* _Record excerpts_
━━━━━━━━━━━━━━━━━━━━
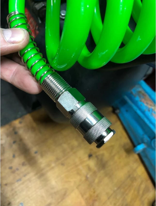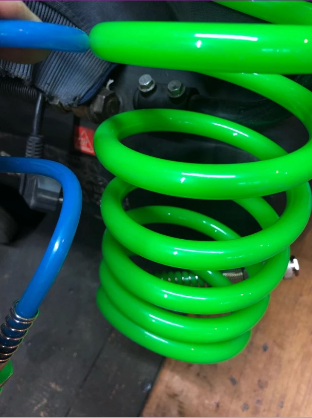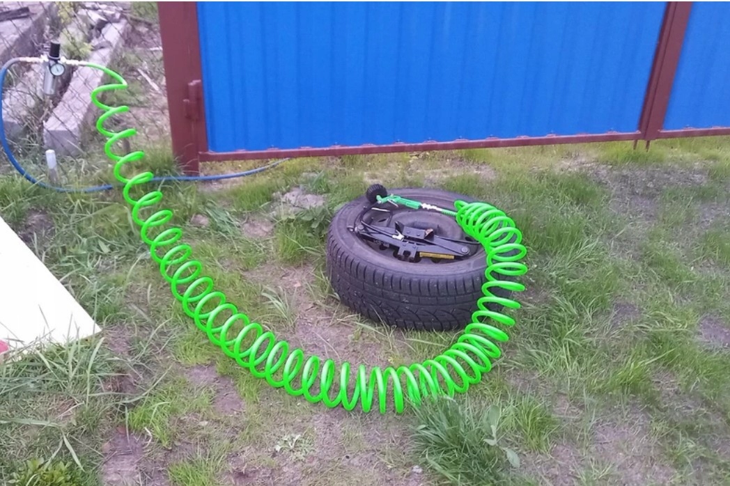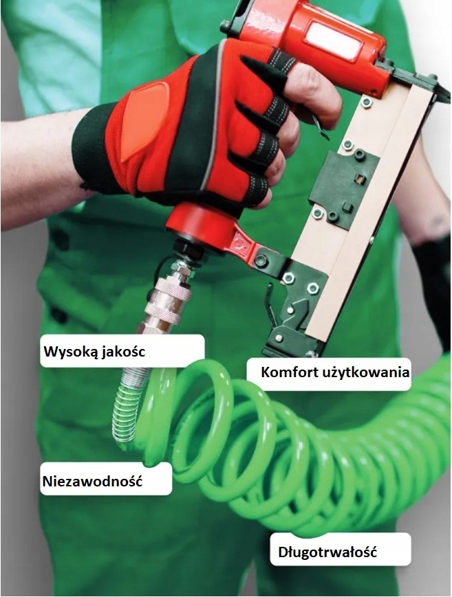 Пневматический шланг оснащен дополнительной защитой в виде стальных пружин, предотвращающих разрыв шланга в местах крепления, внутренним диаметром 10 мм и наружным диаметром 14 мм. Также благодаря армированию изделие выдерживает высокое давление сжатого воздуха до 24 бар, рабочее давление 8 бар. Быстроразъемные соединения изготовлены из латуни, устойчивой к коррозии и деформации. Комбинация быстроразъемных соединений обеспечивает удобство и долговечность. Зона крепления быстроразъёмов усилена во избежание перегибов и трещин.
━━━━━━━━━━━━━━━━━━━━
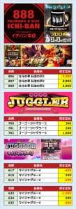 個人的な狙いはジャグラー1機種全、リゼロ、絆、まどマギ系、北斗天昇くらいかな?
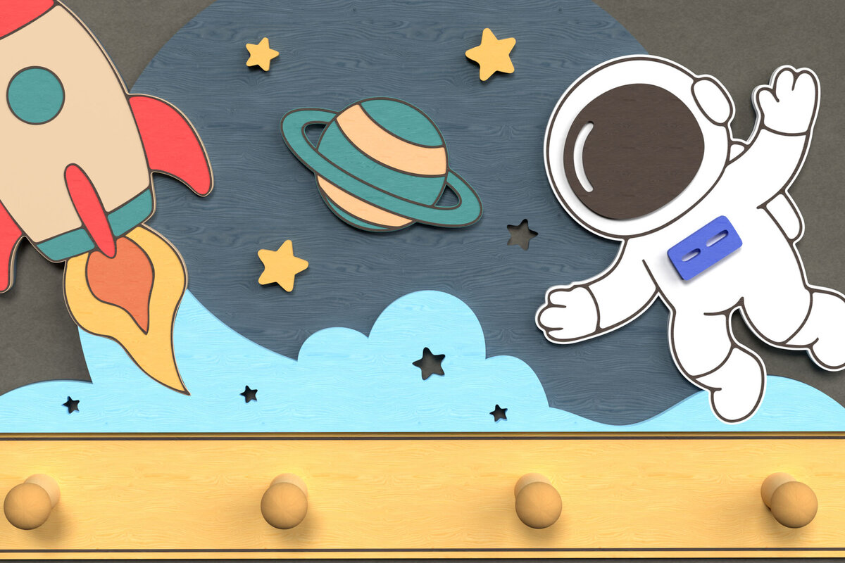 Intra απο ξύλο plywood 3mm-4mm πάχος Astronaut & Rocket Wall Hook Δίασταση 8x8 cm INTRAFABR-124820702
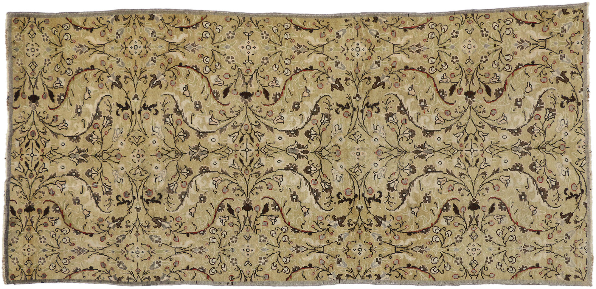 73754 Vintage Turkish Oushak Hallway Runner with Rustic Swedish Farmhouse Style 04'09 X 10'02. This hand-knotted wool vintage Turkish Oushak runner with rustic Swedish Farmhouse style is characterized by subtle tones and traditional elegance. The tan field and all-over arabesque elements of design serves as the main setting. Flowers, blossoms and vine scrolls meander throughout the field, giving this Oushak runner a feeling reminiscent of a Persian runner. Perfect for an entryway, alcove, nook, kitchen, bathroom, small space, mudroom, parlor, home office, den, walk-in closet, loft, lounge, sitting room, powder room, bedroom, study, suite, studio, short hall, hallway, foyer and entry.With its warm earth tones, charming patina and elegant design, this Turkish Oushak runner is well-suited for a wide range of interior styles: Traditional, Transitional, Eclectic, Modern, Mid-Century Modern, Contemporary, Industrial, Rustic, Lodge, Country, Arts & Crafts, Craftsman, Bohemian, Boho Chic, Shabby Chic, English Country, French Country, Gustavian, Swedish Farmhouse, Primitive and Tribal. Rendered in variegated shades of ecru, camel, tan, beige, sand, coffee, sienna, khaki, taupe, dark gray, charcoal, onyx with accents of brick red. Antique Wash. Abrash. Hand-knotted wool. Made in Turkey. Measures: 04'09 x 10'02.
━━━━━━━━━━━━━━━━━━━━
Look above and copy only the lines from the one holding "Intra απο ξύλο" to the one holding "73754 Vintage Turkish", both included, exactly, minus the pictures.

* _Task result_
 Intra απο ξύλο plywood 3mm-4mm πάχος Astronaut & Rocket Wall Hook Δίασταση 8x8 cm INTRAFABR-124820702
 73754 Vintage Turkish Oushak Hallway Runner with Rustic Swedish Farmhouse Style 04'09 X 10'02. This hand-knotted wool vintage Turkish Oushak runner with rustic Swedish Farmhouse style is characterized by subtle tones and traditional elegance. The tan field and all-over arabesque elements of design serves as the main setting. Flowers, blossoms and vine scrolls meander throughout the field, giving this Oushak runner a feeling reminiscent of a Persian runner. Perfect for an entryway, alcove, nook, kitchen, bathroom, small space, mudroom, parlor, home office, den, walk-in closet, loft, lounge, sitting room, powder room, bedroom, study, suite, studio, short hall, hallway, foyer and entry.With its warm earth tones, charming patina and elegant design, this Turkish Oushak runner is well-suited for a wide range of interior styles: Traditional, Transitional, Eclectic, Modern, Mid-Century Modern, Contemporary, Industrial, Rustic, Lodge, Country, Arts & Crafts, Craftsman, Bohemian, Boho Chic, Shabby Chic, English Country, French Country, Gustavian, Swedish Farmhouse, Primitive and Tribal. Rendered in variegated shades of ecru, camel, tan, beige, sand, coffee, sienna, khaki, taupe, dark gray, charcoal, onyx with accents of brick red. Antique Wash. Abrash. Hand-knotted wool. Made in Turkey. Measures: 04'09 x 10'02.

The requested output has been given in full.